═════ INPUT DATA ═════
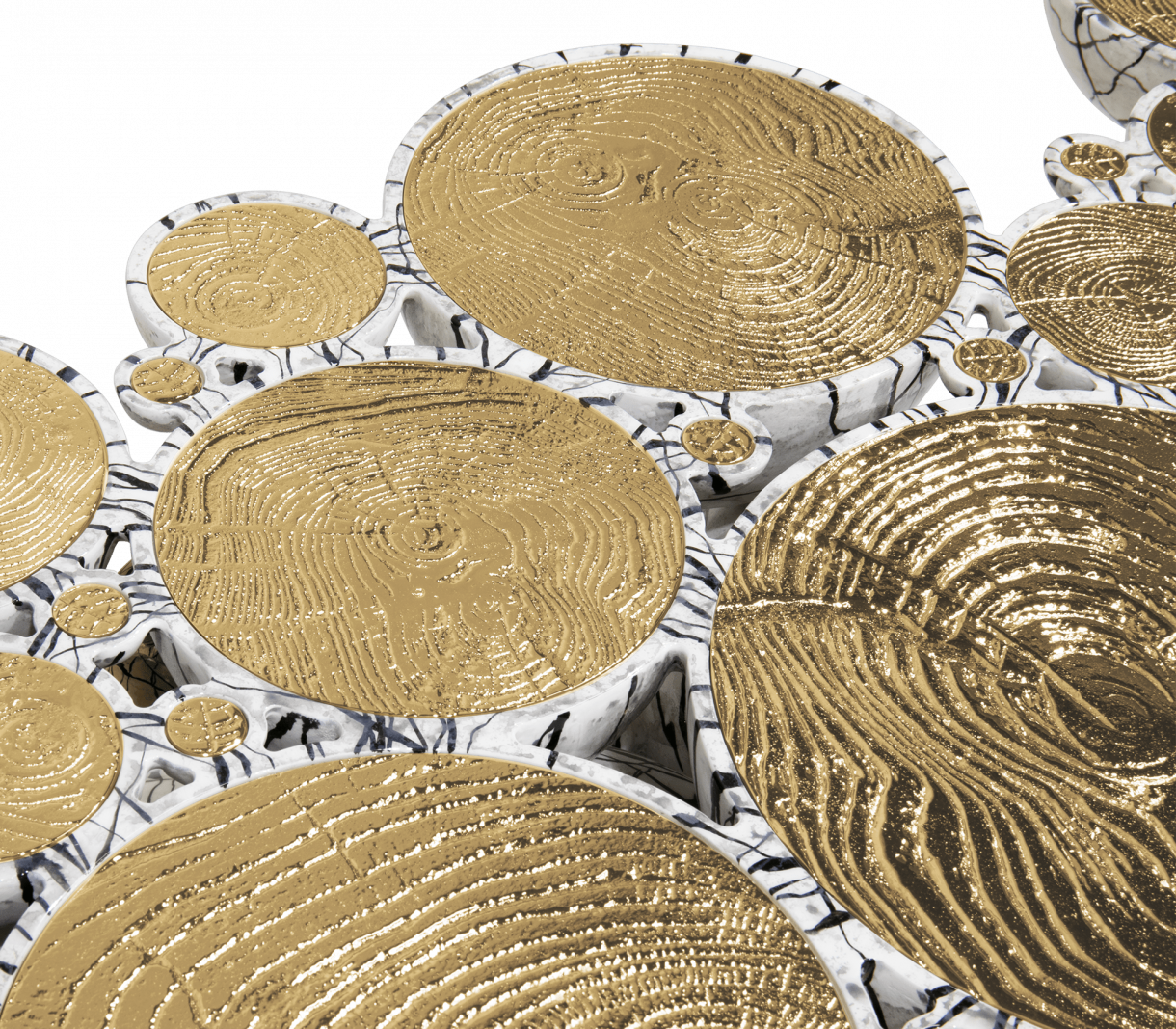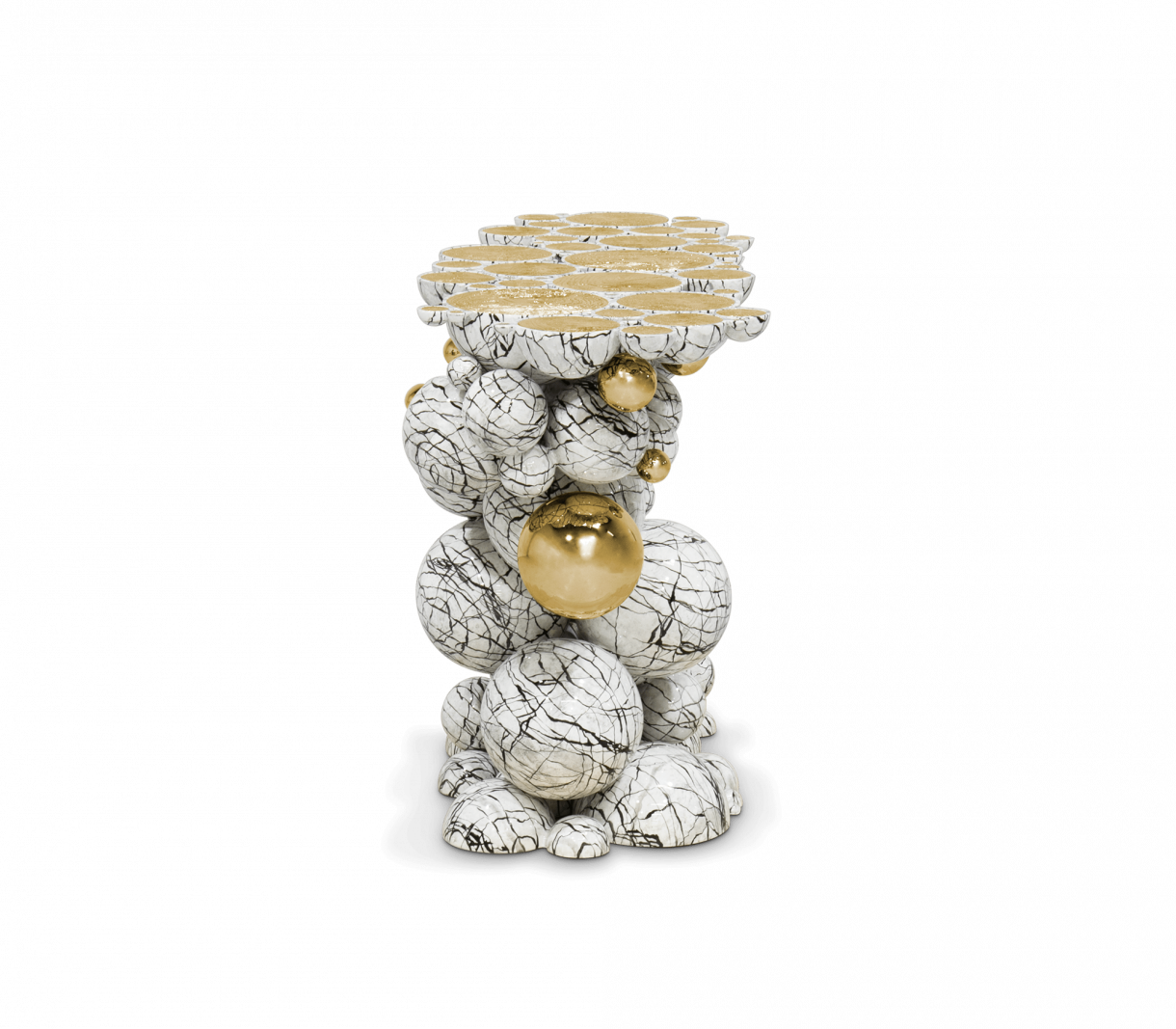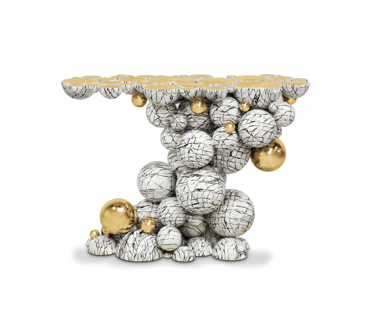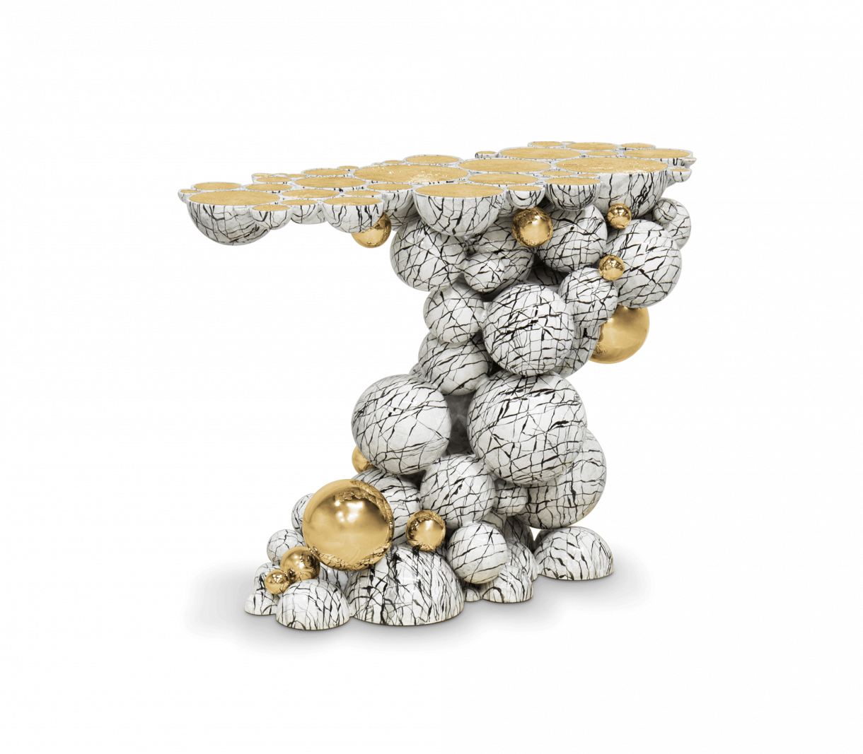 Противопоставяйки се на законите на физиката, черно-златната конзола Newton е израснала от древното изкуство за леене на метал, където металът се нагрява, докато се разтопи във формата на сфери и полусфери. Един по един, всеки елемент е съединен, за да се получи изключителен модел и органична структура, завършени в драматичен черен лак и позлатени акценти. Плотът на тази конзолна маса е съставен от месингови кръгове, издълбани със златиста текстура, подобна на органична дървесна текстура. Съвременна конзола, която носи културно наследство, докато успешно върви към бъдещето, оставайки пред дизайнерската сцена. Истински израз на изключителност и високо колекционерско майсторство.
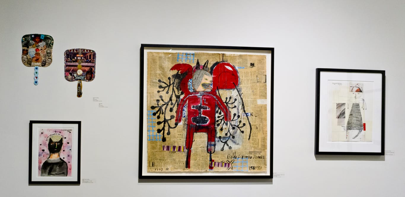 As his work developed over the years, Jones began including other figures, as well as animals and collage elements culled from his voluminous notebook and ephemera collection. Many of these private source materials are on display in the exhibition. Color, used minimally in the early work, later became a central element in his images. The transitions between his early and later works echo a life-stage metamorphosis, and indeed this is redoubled in Jones’s autobiography: After a hiatus of several years, when he tended to his ill mother and dealt with his own health issues, Jones came roaring back to the studio, almost reborn.
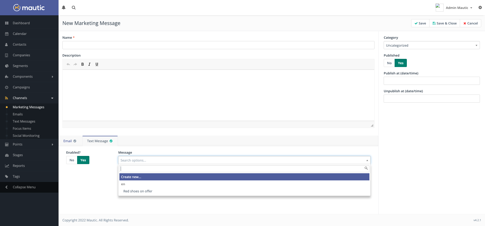 Mautic allows you to create a single message - for example ‘Red shoes on offer today!’ - in multiple Channels, and have it delivered through the Channel which the Contact prefers. This means that they only receive the message once, and through their preferred Channel. You can create the messages under the Marketing Messages section.
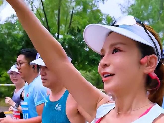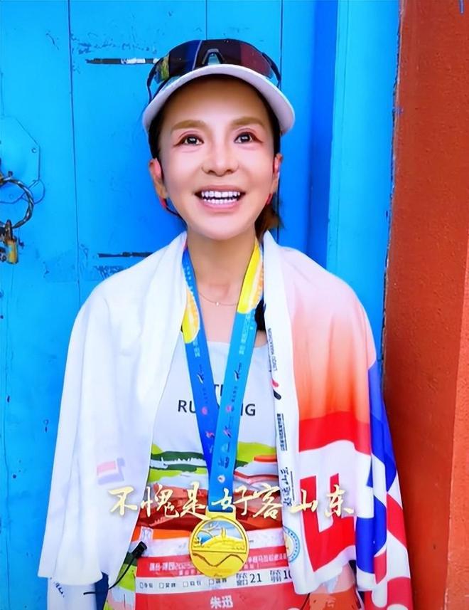 10月4号,朱迅参加了山东临朐的马拉松,还是跟之前一样,穿的很休闲,戴着帽子跟朋友们一起,那天还下了小雨,全程都是在雨中完成的。
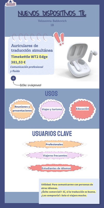 Utilidad: Para comunicarme con personas de otros idiomas. ¿Éxito comercial?: Sí, si la traducción es buena. ¿Los compraría?: Solo si viajara mucho.
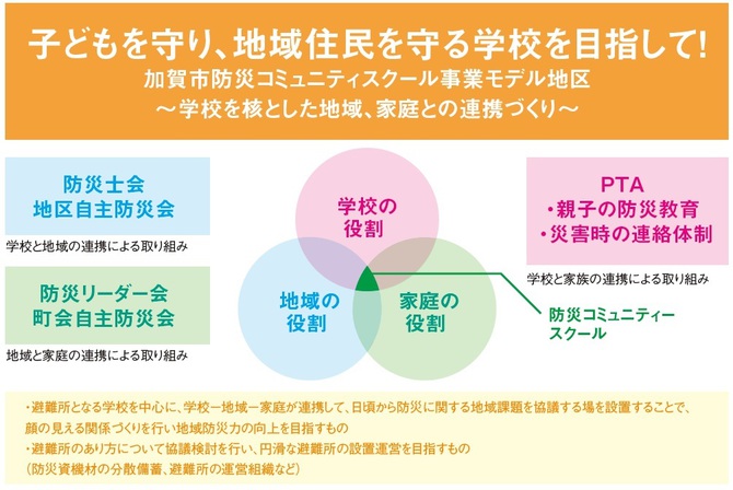 三木地区自主防災会の規約の第2条「目的」には、未来に向かう子どもたちに、適切な行動と判断力がとれる防災教育をする旨が明記されている。この自主防災モデル事業は、子どもを大事にしていくことが大きな目的だ。東日本大震災のときに、「釜石の奇跡」があったが、子どもが逃げていく姿が大人を助けた。子どもが動くことで、大人がそれに引きずられて動く。やはり子ども中心のものをきちんとしていかなければいけない。加賀市では、「加賀市防災コミュニティースクール事業モデル地区」を設定し、地域、学校、保護者連携でやっている。三木の自主防災活動もこの中に関わっている。
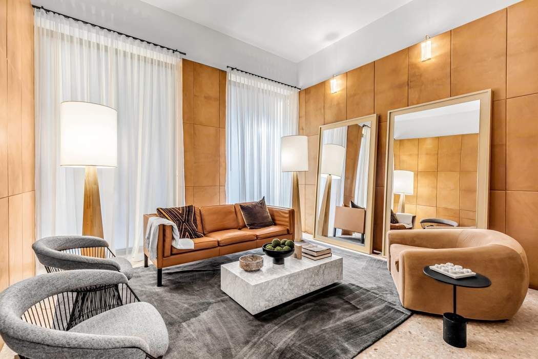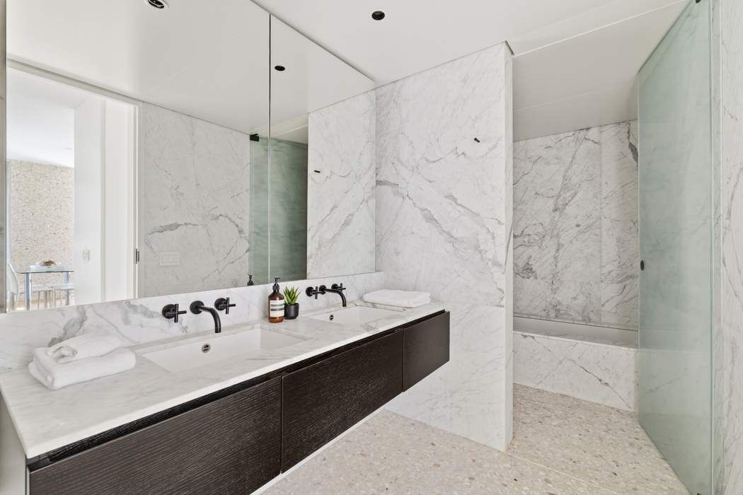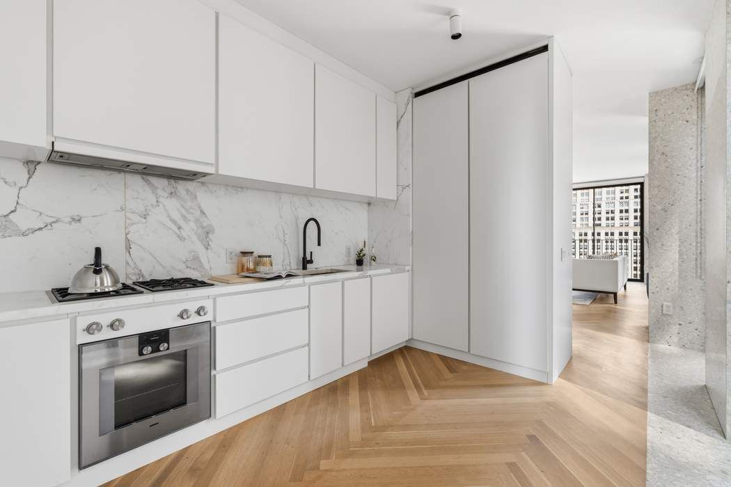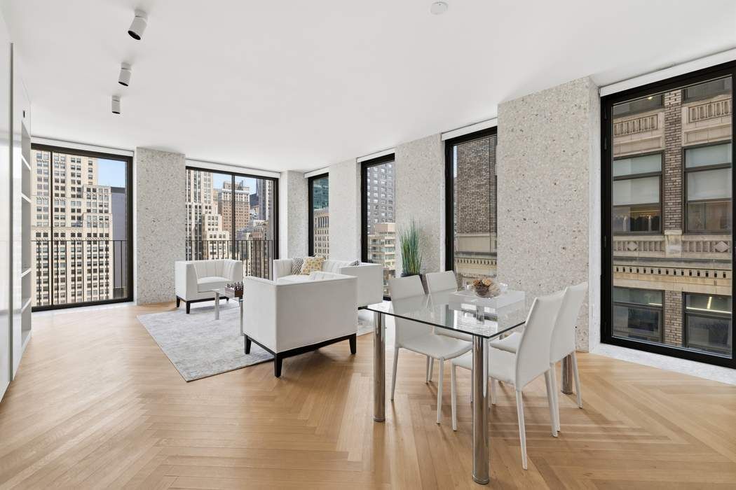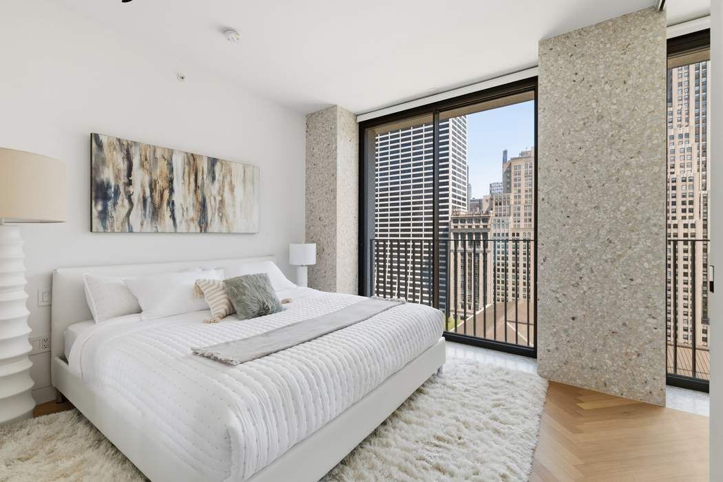 Designed by Pritzker Prize–winning architect David Chipperfield, residence 20B at The Bryant is a corner one-bedroom home defined by exceptional light, views, and refined design. Nine floor-to-ceiling Vitrocsa windows flood the space with natural light from eastern and northern exposures, offering sweeping views over Bryant Park and Fifth Avenue. The custom marble terrazzo facade transitions seamlessly to the interiors, creating crisp architectural frames to the windows and a border for the heated oak herringbone floors. The windowed custom kitchen features sleek white lacquer millwork, Calacatta Gold marble countertops, backsplash, and side panels, along with a full suite of Gaggenau appliances and a fully vented range hood. The well-proportioned bedroom sits just off the living area and offers convenient access to a luxurious bathroom features Statuarietto marble walls, complete with a double vanity and a rain shower within an enclosed wet room. Additional highlights include 9’4” ceilings and an in-unit Bosch washer and dryer. The Bryant, residents have access to a full range of building amenities including: - Full-service condominium with 24-hour attended lobby. - Lobby lounge with terrazzo floors and leather paneled walls. - State-of-the-art fitness center with sauna. - The Terrazzo lounge on the 6th floor featuring a full bar, stunning double height ceilings, a fireplace and a heated terrace overlooking Bryant Park
═════
◆ PROBLEM ◆
Only lines belong in the copy: transcribe those from the start of the data through the line that contains "As his work", and skip the pictures.

◆ COMPLETED EXERCISE ◆
 Противопоставяйки се на законите на физиката, черно-златната конзола Newton е израснала от древното изкуство за леене на метал, където металът се нагрява, докато се разтопи във формата на сфери и полусфери. Един по един, всеки елемент е съединен, за да се получи изключителен модел и органична структура, завършени в драматичен черен лак и позлатени акценти. Плотът на тази конзолна маса е съставен от месингови кръгове, издълбани със златиста текстура, подобна на органична дървесна текстура. Съвременна конзола, която носи културно наследство, докато успешно върви към бъдещето, оставайки пред дизайнерската сцена. Истински израз на изключителност и високо колекционерско майсторство.
 As his work developed over the years, Jones began including other figures, as well as animals and collage elements culled from his voluminous notebook and ephemera collection. Many of these private source materials are on display in the exhibition. Color, used minimally in the early work, later became a central element in his images. The transitions between his early and later works echo a life-stage metamorphosis, and indeed this is redoubled in Jones’s autobiography: After a hiatus of several years, when he tended to his ill mother and dealt with his own health issues, Jones came roaring back to the studio, almost reborn.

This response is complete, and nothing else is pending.